Descrição de chapéu Coronavírus

Farmacêutica americana anuncia testes com humanos de anticorpo contra coronavírus

Eli Lilly diz que resultados sobre segurança da terapia devem estar disponíveis nas próximas semanas

São Paulo

A farmacêutica americana Eli Lilly anunciou na segunda-feira (1º) que iniciará testes em humanos com um anticorpo monoclonal para combater a Covid-19. Participarão do estudo 32 pacientes internados com a doença em dois centros selecionados, um em Nova York e outro em Los Angeles.

Esse é o primeiro anticorpo monoclonal para tratar a doença que chega à fase 1 de estudos clínicos, quando é testada a segurança da medicação em humanos. Dezenas de empresas e institutos de pesquisa no mundo todo estão na corrida para encontrar um tratamento do tipo que seja eficaz contra o novo coronavírus.

O produto da empresa, que recebeu o nome LY-CoV555, foi criado a partir dos anticorpos presentes no sangue de um dos primeiros pacientes americanos que se recuperaram da doença.

Quando o parasita entra no corpo humano, o organismo começa a produzir naturalmente as proteínas que chamamos de anticorpos, e algumas delas podem neutralizar o invasor com eficiência.

Um anticorpo monoclonal é a cópia de uma única proteína protetora que tem sucesso em bloquear a ação do vírus. Ela é produzida em células capazes de gerar várias cópias do anticorpo específico.

O LY-CoV555 foi obtido por cientistas da Eli Lilly em colaboração com a empresa de biotecnologia AbCellera e o Instituto Nacional de Alergias e Doenças Infecciosas dos Estados Unidos (Niaid).

“Ele foi desenhado para bloquear as ligações do vírus e impedir a entrada nas células humanas. O anticorpo é capaz de neutralizar o vírus. Assim, ele pode proteger e tratar a Covid-19”, afirma Fernanda Pimentel, diretora-médica da Lilly do Brasil.
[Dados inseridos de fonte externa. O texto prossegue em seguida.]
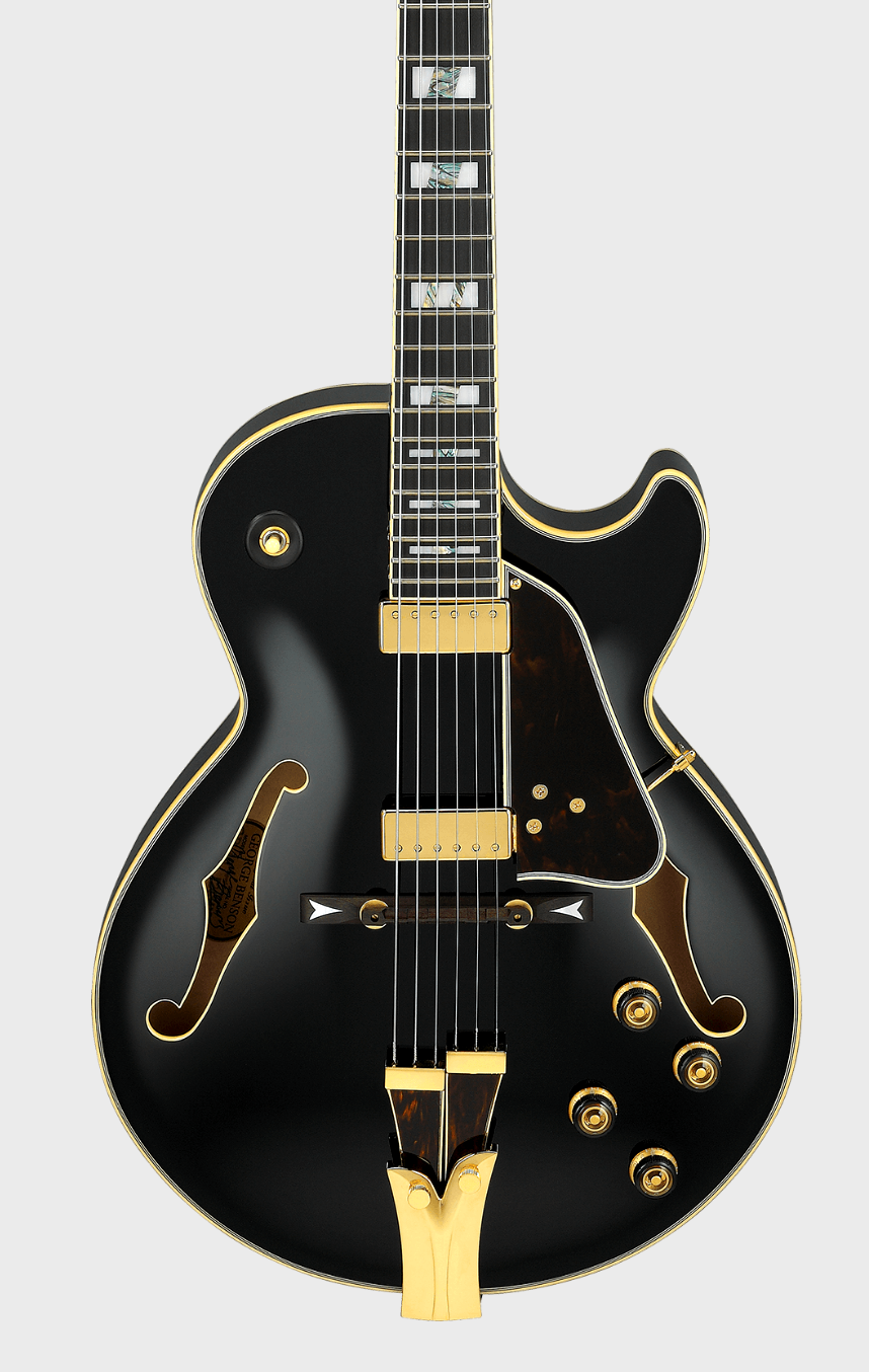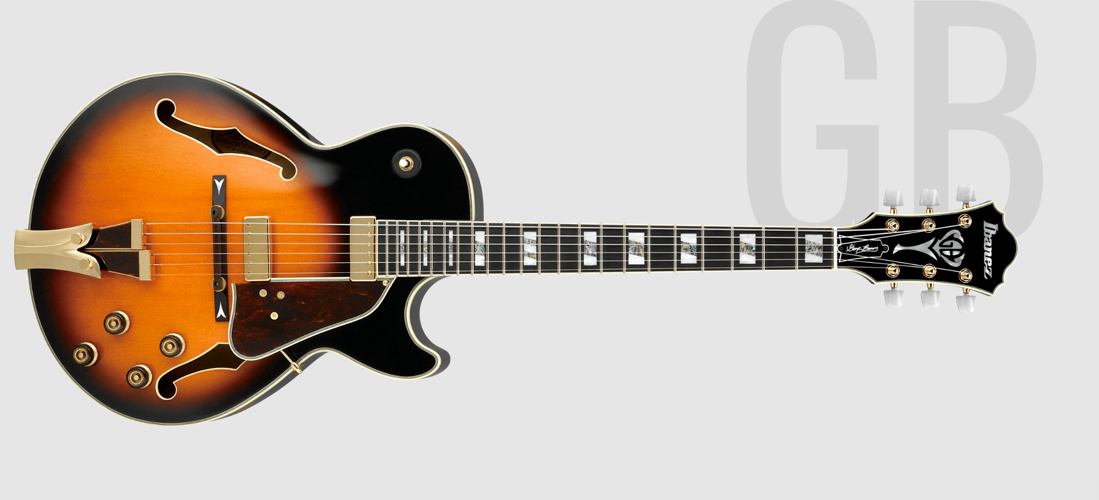 Body in acero sottile e scavato, singola spalla mancante, due buche a-effe praticate sul top in abete, manico in acero, tastiera in ebano e 22 tasti. E ancora: tailpiece splittato, regolabile, battipenna tartarugato mantenuto sollevato dal top, raffinatezze estetiche in bella evidenza... e due speciali humbucker GB, sollevati dal top, dotati ciascuno di Volume e Tono. E’ un trionfo: tra le mani di George Benson, immerso nei contesti più diversi (jazz, R&B, pop...), la GB10 canta letteralmente e in più è anche bella da vedere; già alla fine di quell’anno rappresenta un grande classico di Ibanez, destinato alla gloria eterna.

O sucesso do anticorpo nos testes in vitro para barrar o patógeno permitiu prosseguir para a fase de experimentos com humanos.

“Acreditamos que nas próximas semanas já teremos resultados de como a terapia se comporta nos pacientes hospitalizados”, diz Pimentel.

A Lilly tem, atualmente, três tratamentos baseados em anticorpos monoclonais aprovados no Brasil. Essas terapias são voltadas para câncer, psoríase e enxaqueca.

De acordo com Orlando Silva, diretor de Assuntos Corporativos da empresa, a experiência da companhia adquirida no desenvolvimento desses outros medicamentos possibilitou a criação de uma base tecnológica que acelerou a criação do LY-CoV555.

Segundo a imunologista Cristina Bonorino, professora da Universidade Federal de Ciências da Saúde de Porto Alegre (UFCSPA), anticorpos monoclonais são moléculas relativamente simples de serem testadas, mas como a biologia do novo coronavírus não é totalmente compreendida, a fase para verificar a segurança da substância é essencial, uma vez que alguns anticorpos podem ter efeitos inflamatórios no corpo.

Cientistas de diversos países trabalham para encontrar uma terapia com anticorpos monoclonais para a Covid-19, e diversas moléculas já passaram pela fase de testes em culturas de células com sucesso. Na avaliação de especialistas, o uso desses anticorpos como um remédio deve estar disponível antes mesmo de uma vacina.

“Produzimos diferentes anticorpos e mais de um tipo deve funcionar contra a doença”, afirma Bonorino. “Por isso, precisamos desenvolver essas moléculas aqui no Brasil também, temos cientistas capacitados para isso”, completa a cientista, que é pesquisadora-associada da Universidade da Califórnia em San Diego e trabalha com o desenvolvimento de anticorpos monoclonais.